This is my code for upload.processor.php which my upload form points to:

Code: Select all

 
<?php
 
// filename: upload.processor.php
 
// first let's set some variables
 
// make a note of the current working directory, relative to root.
$directory_self = str_replace(basename($_SERVER['PHP_SELF']), '', $_SERVER['PHP_SELF']);
 
// make a note of the directory that will recieve the uploaded file
$uploadsDirectory = $_SERVER['DOCUMENT_ROOT'] . $directory_self . 'uploaded_files/';
 
// make a note of the location of the upload form in case we need it
$uploadForm = 'http://' . $_SERVER['HTTP_HOST'] . $directory_self . 'upload.form.php';
 
// make a note of the location of the success page
$uploadSuccess = 'http://' . $_SERVER['HTTP_HOST'] . $directory_self . 'upload.success.php';
 
// fieldname used within the file <input> of the HTML form
$fieldname = 'file';
 
// Now let's deal with the upload
 
// possible PHP upload errors
$errors = array(1 => 'php.ini max file size exceeded',
                2 => 'html form max file size exceeded',
                3 => 'file upload was only partial',
                4 => 'no file was attached');
 
// check the upload form was actually submitted else print the form
isset($_POST['submit'])
    or error('the upload form is neaded', $uploadForm);
 
// check for PHP's built-in uploading errors
($_FILES[$fieldname]['error'] == 0)
    or error($errors[$_FILES[$fieldname]['error']], $uploadForm);
    
// check that the file we are working on really was the subject of an HTTP upload
@is_uploaded_file($_FILES[$fieldname]['tmp_name'])
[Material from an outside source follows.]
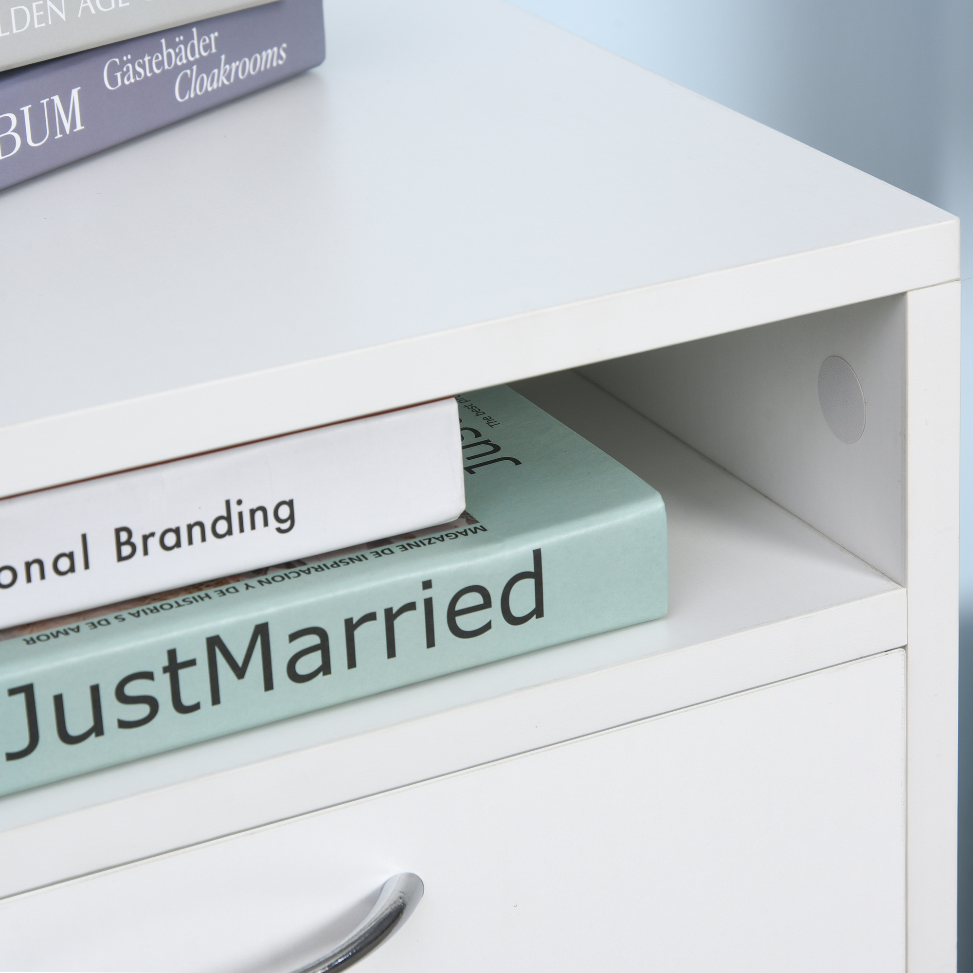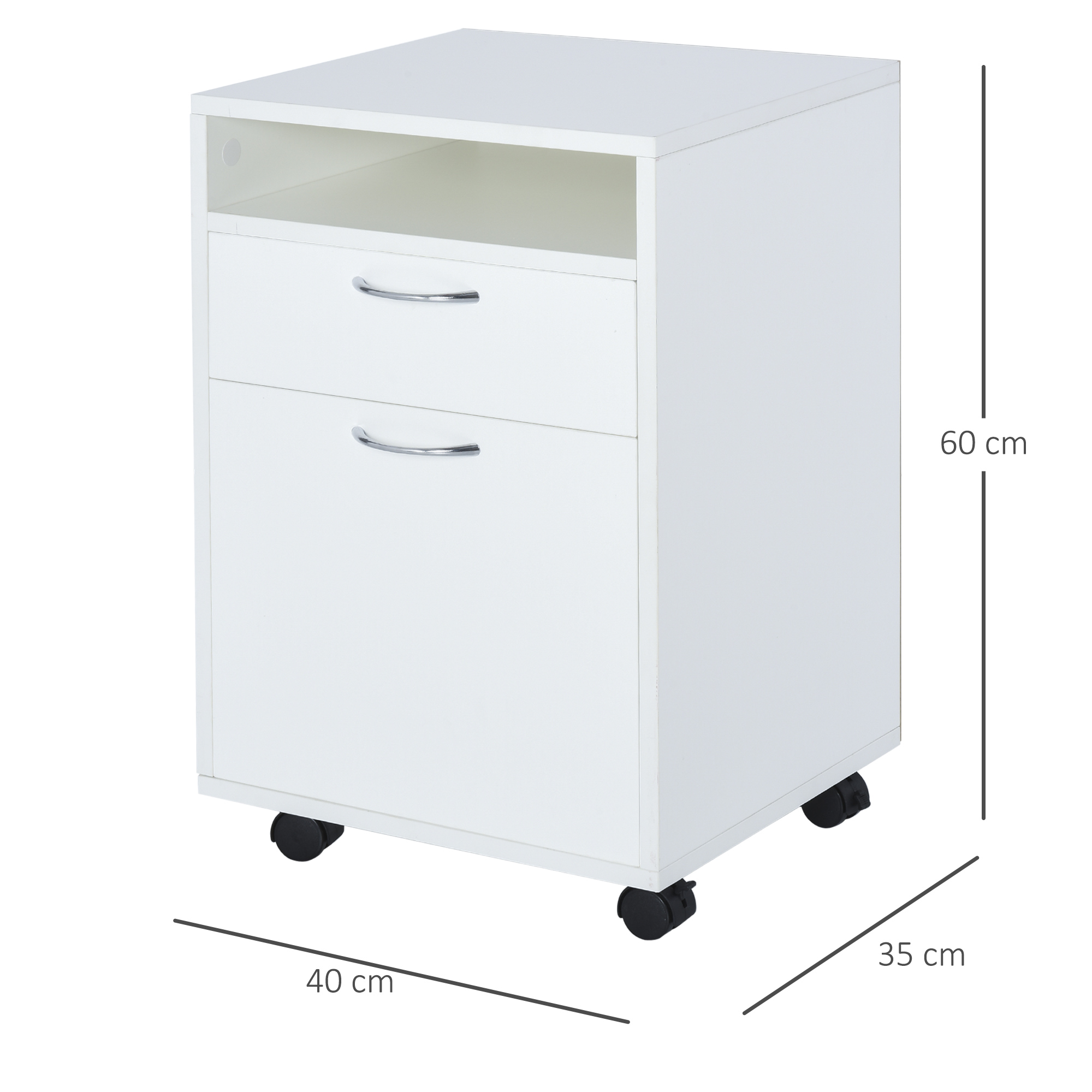 | Libellé | HOMCOM Caisson de bureau rangement bureau sur roulettes tiroir placard niche panneaux particules blanc |
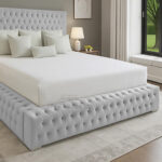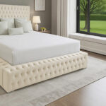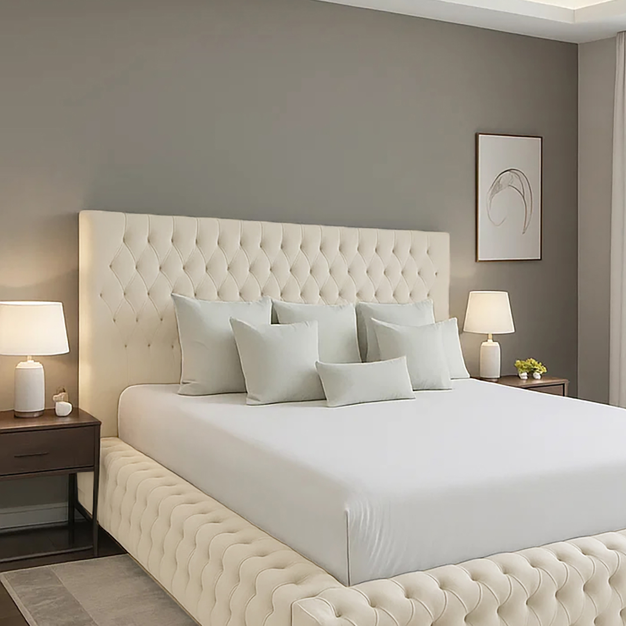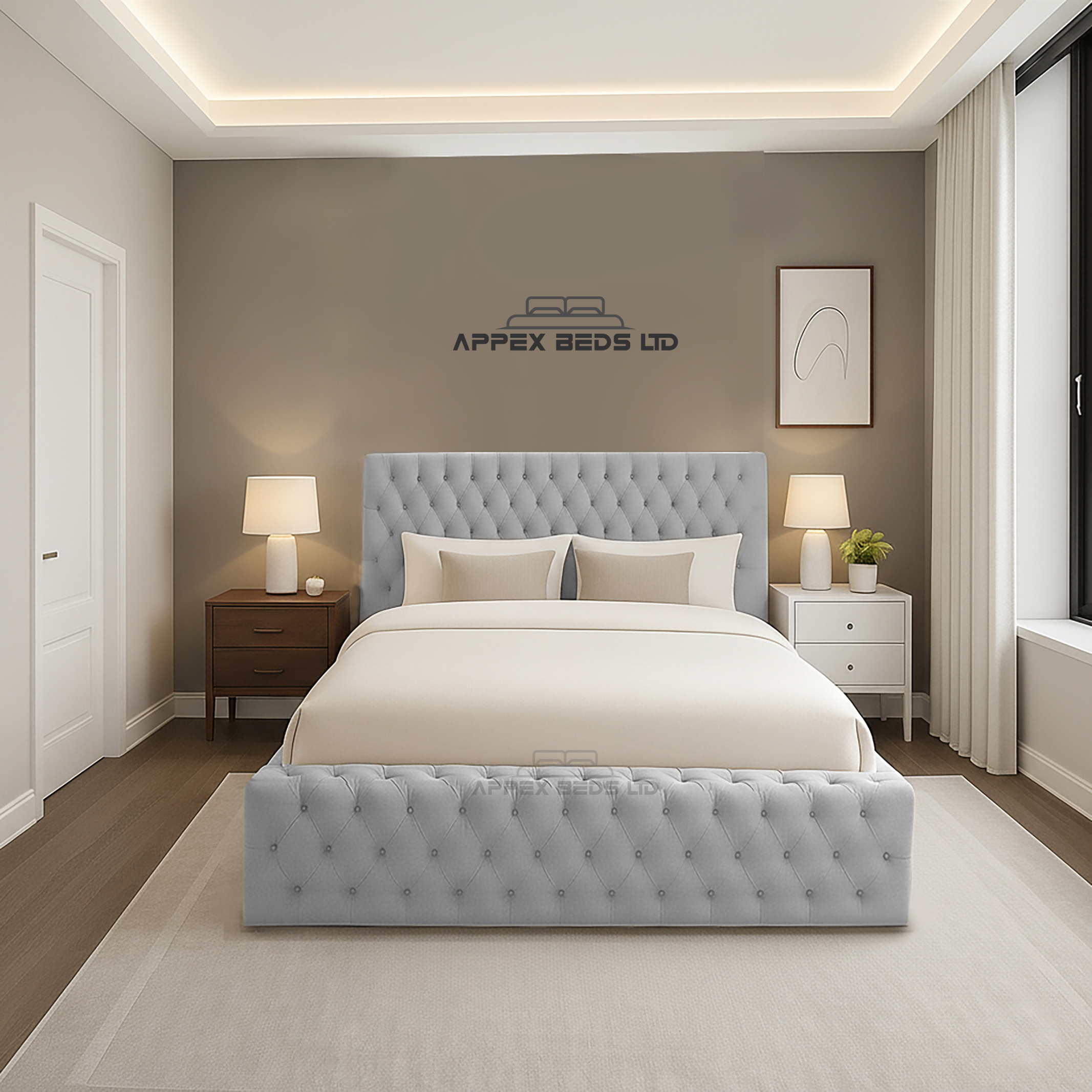 Experience versatile luxury with the Amari Panel Bed Frame, available with an optional gas lift ottoman storage base for added bedroom convenience.

    or error('not an HTTP upload', $uploadForm);
    
// validation... since this is an image upload script we should run a check  
// to make sure the uploaded file is in fact an image. Here is a simple check:
// getimagesize() returns false if the file tested is not an image.
@getimagesize($_FILES[$fieldname]['tmp_name'])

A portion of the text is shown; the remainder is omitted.